§ **AIM OF THE EXERCISE**: Every line below is to be copied exactly, with the pictures left out.

§ **DATASET EXTRACT**:
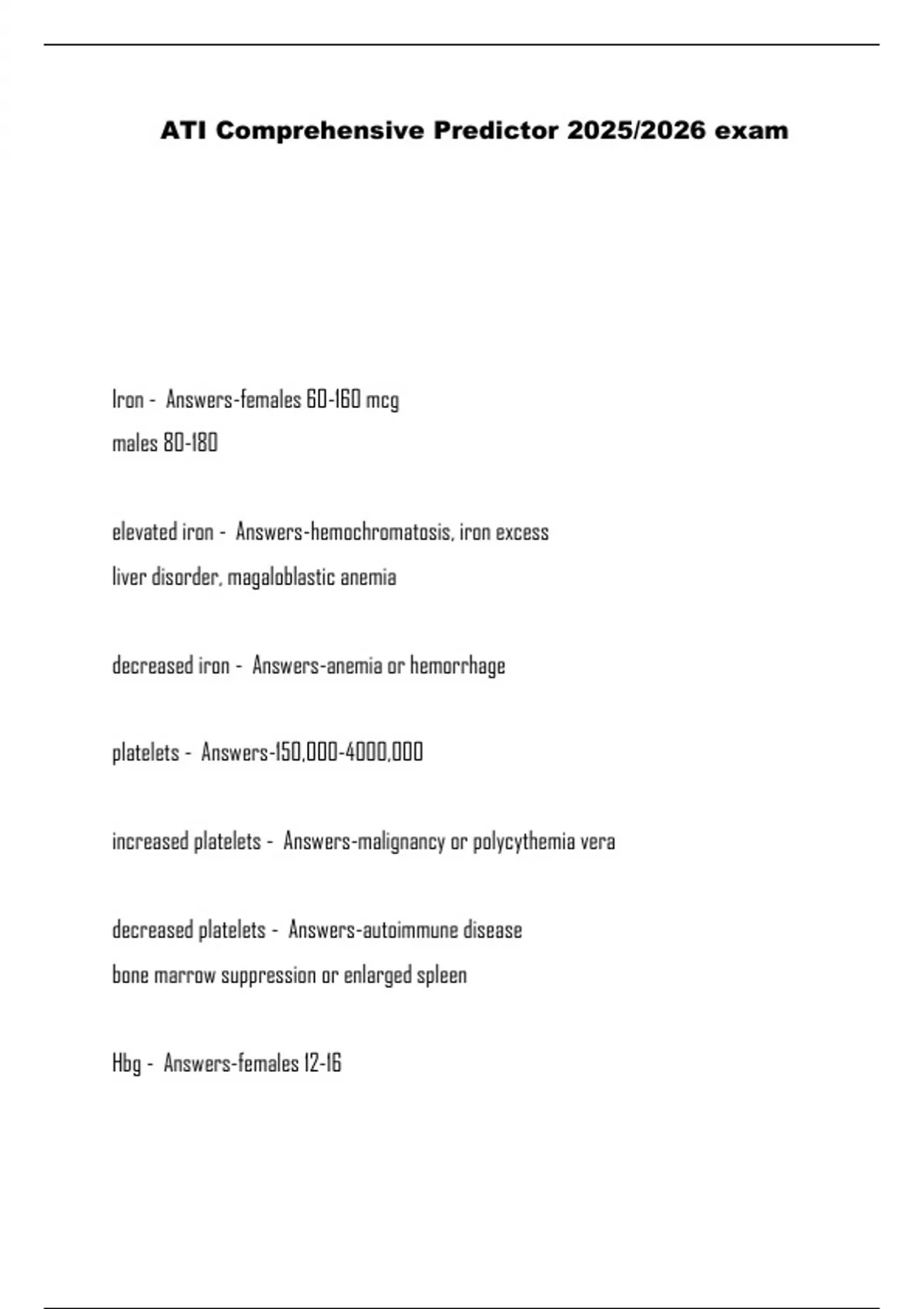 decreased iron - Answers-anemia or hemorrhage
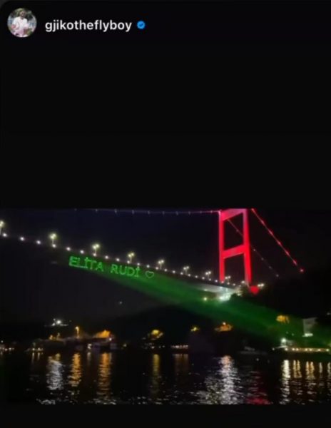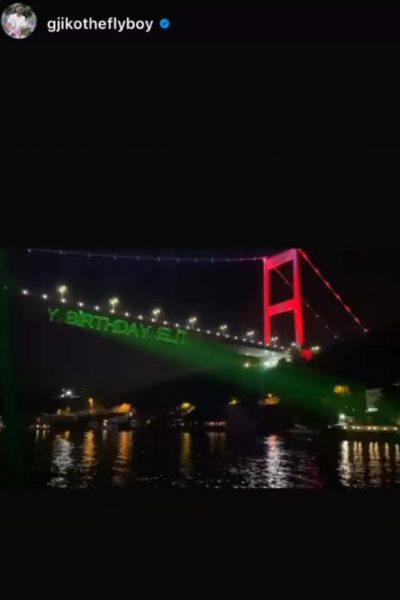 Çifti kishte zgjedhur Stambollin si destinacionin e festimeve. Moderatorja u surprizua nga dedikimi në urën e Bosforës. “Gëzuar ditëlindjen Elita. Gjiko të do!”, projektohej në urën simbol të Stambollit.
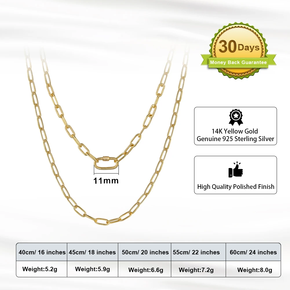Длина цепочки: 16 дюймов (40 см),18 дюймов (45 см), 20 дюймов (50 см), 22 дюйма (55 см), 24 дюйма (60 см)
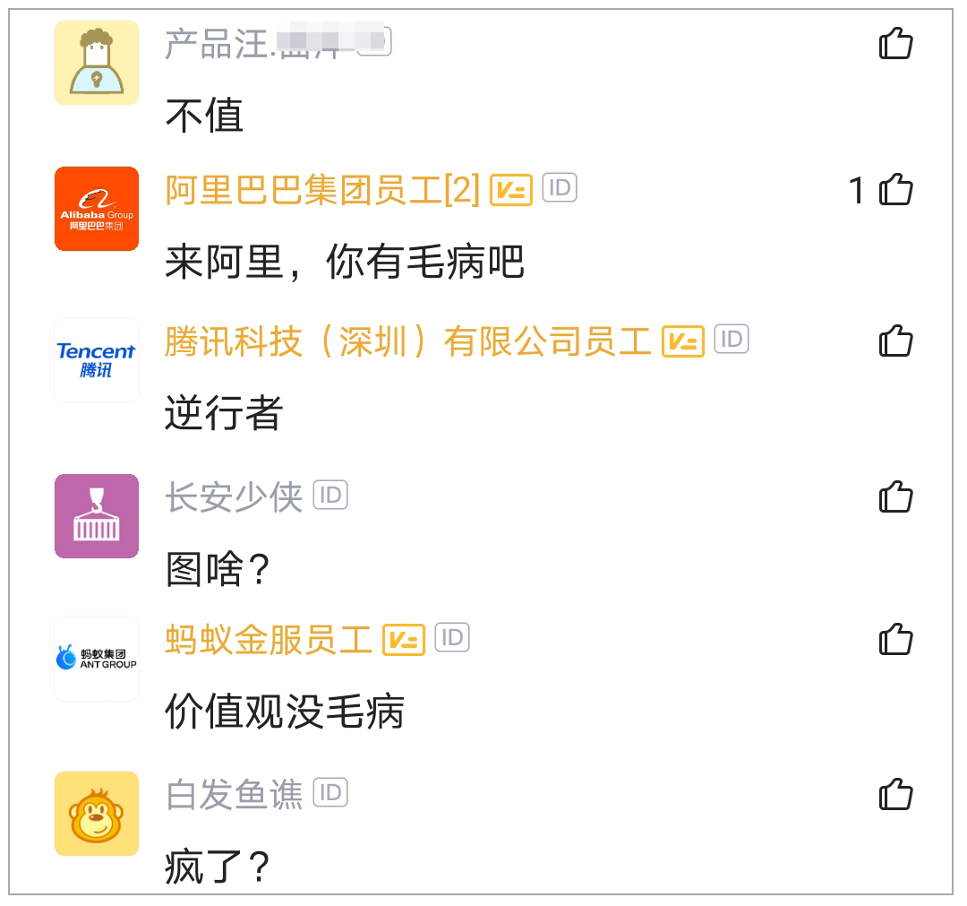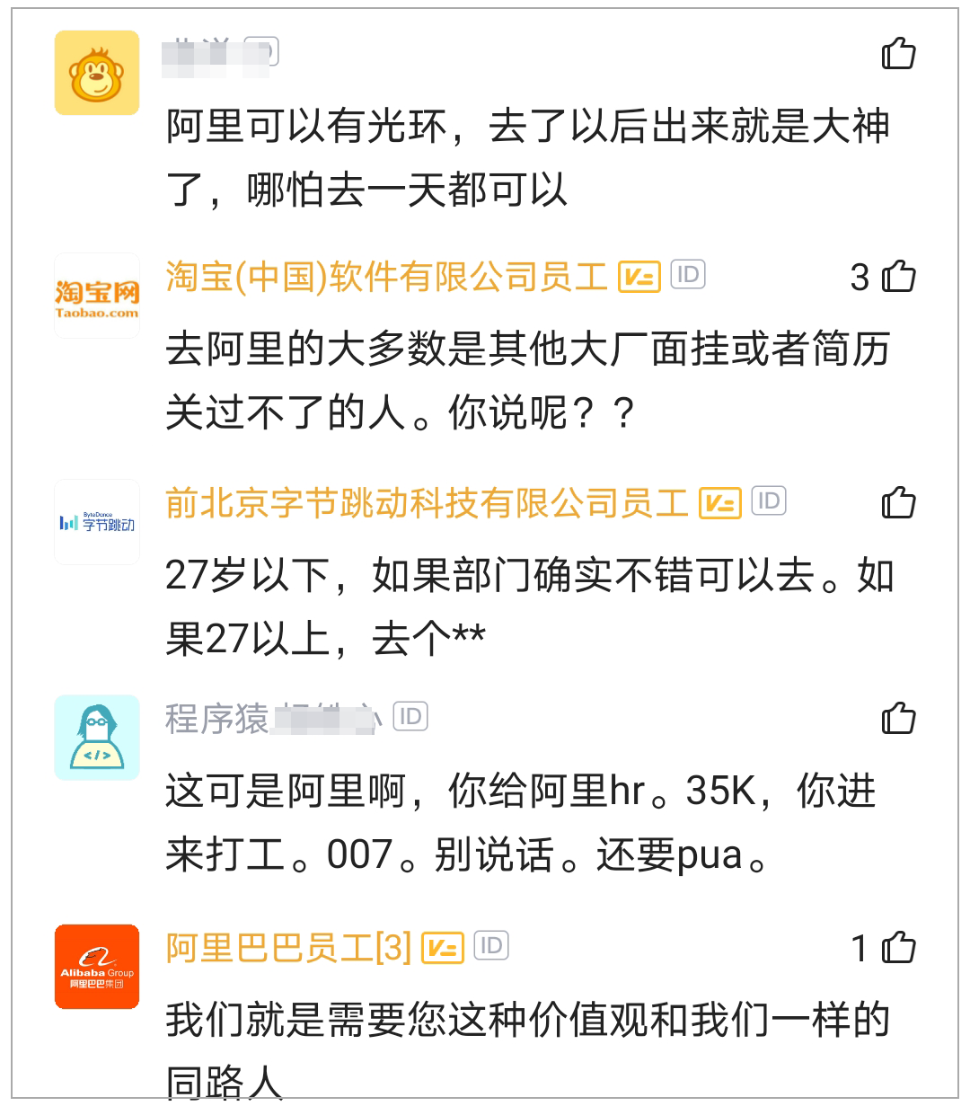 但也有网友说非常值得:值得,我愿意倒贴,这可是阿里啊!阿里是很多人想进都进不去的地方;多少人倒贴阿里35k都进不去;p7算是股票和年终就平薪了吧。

§ **ANSWER FOR THIS EXERCISE**:
 decreased iron - Answers-anemia or hemorrhage
 Çifti kishte zgjedhur Stambollin si destinacionin e festimeve. Moderatorja u surprizua nga dedikimi në urën e Bosforës. “Gëzuar ditëlindjen Elita. Gjiko të do!”, projektohej në urën simbol të Stambollit.
Длина цепочки: 16 дюймов (40 см),18 дюймов (45 см), 20 дюймов (50 см), 22 дюйма (55 см), 24 дюйма (60 см)
 但也有网友说非常值得:值得,我愿意倒贴,这可是阿里啊!阿里是很多人想进都进不去的地方;多少人倒贴阿里35k都进不去;p7算是股票和年终就平薪了吧。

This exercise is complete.